— Task item —
Set down precisely the lines from the line with "En fargerik og" through the end of the material, inclusive, and no pictures.

— Data excerpt —
Segment Open

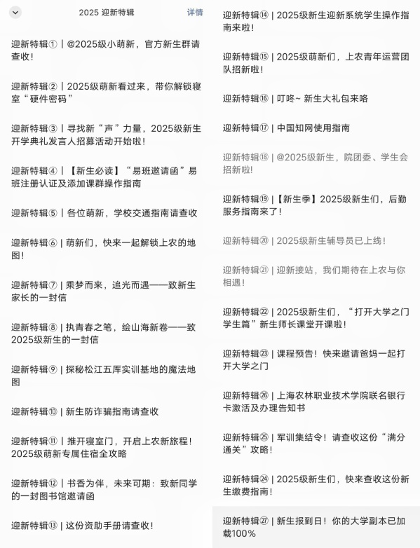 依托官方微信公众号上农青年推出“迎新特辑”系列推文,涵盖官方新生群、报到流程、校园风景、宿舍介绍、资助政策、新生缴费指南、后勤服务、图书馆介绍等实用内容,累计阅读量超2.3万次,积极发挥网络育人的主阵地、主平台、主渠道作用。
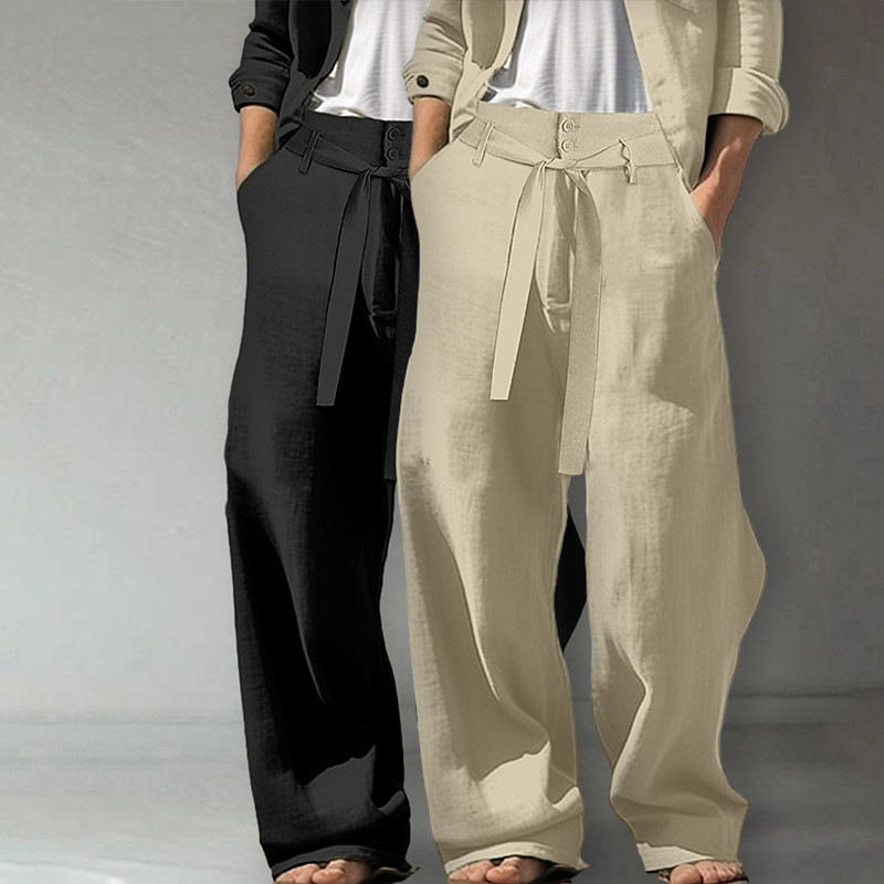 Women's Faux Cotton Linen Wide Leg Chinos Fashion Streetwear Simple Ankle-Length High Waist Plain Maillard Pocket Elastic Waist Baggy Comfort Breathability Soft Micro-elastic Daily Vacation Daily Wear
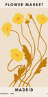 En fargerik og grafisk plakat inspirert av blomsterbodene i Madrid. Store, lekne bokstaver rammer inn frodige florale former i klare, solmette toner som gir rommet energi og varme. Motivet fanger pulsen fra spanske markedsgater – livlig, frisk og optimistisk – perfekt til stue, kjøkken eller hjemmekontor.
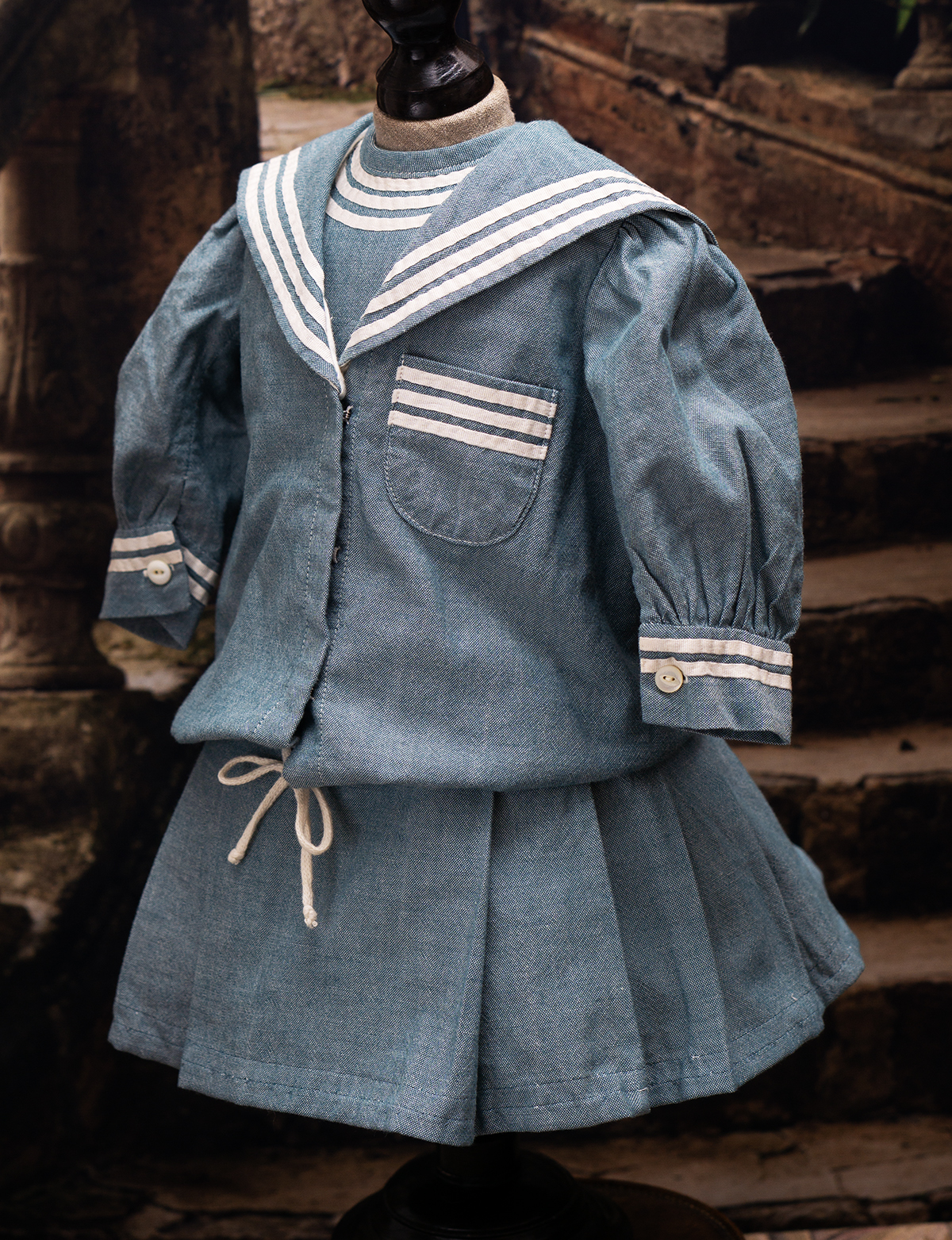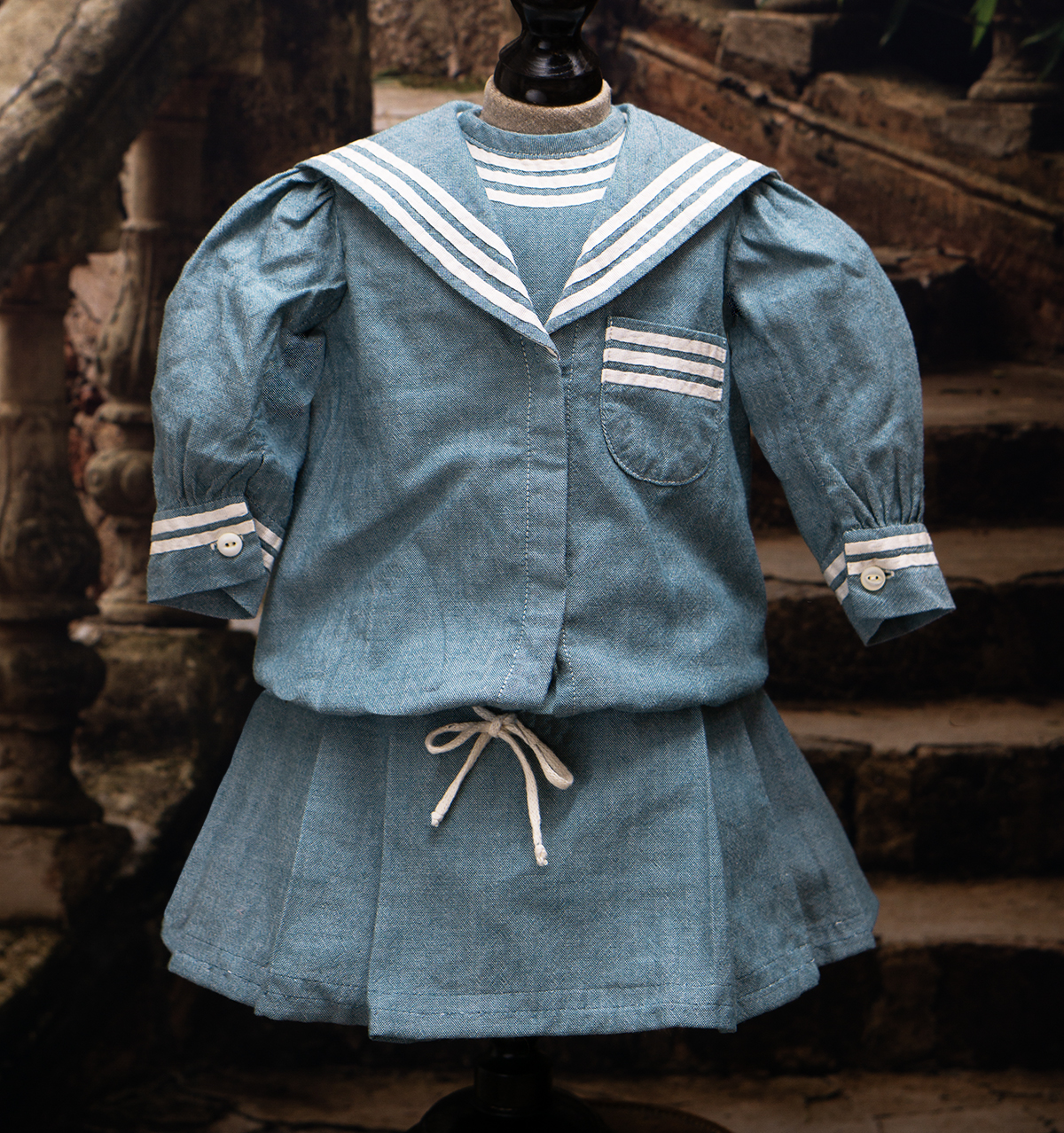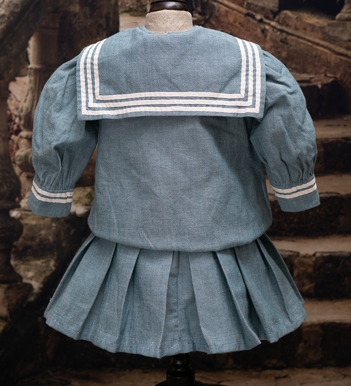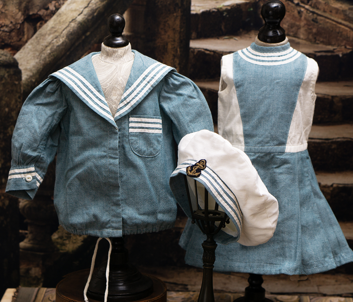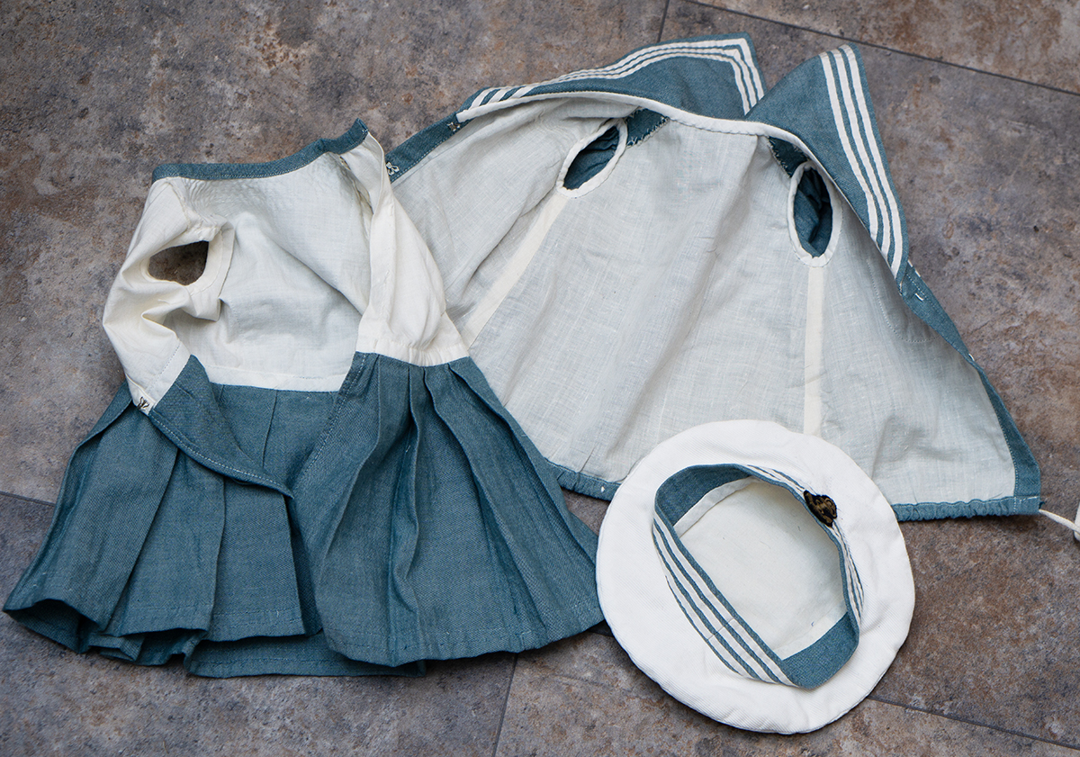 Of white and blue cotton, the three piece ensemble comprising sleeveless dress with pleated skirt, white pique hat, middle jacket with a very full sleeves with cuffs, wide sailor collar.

Segment Closed

— Exercise solution —
 En fargerik og grafisk plakat inspirert av blomsterbodene i Madrid. Store, lekne bokstaver rammer inn frodige florale former i klare, solmette toner som gir rommet energi og varme. Motivet fanger pulsen fra spanske markedsgater – livlig, frisk og optimistisk – perfekt til stue, kjøkken eller hjemmekontor.
 Of white and blue cotton, the three piece ensemble comprising sleeveless dress with pleated skirt, white pique hat, middle jacket with a very full sleeves with cuffs, wide sailor collar.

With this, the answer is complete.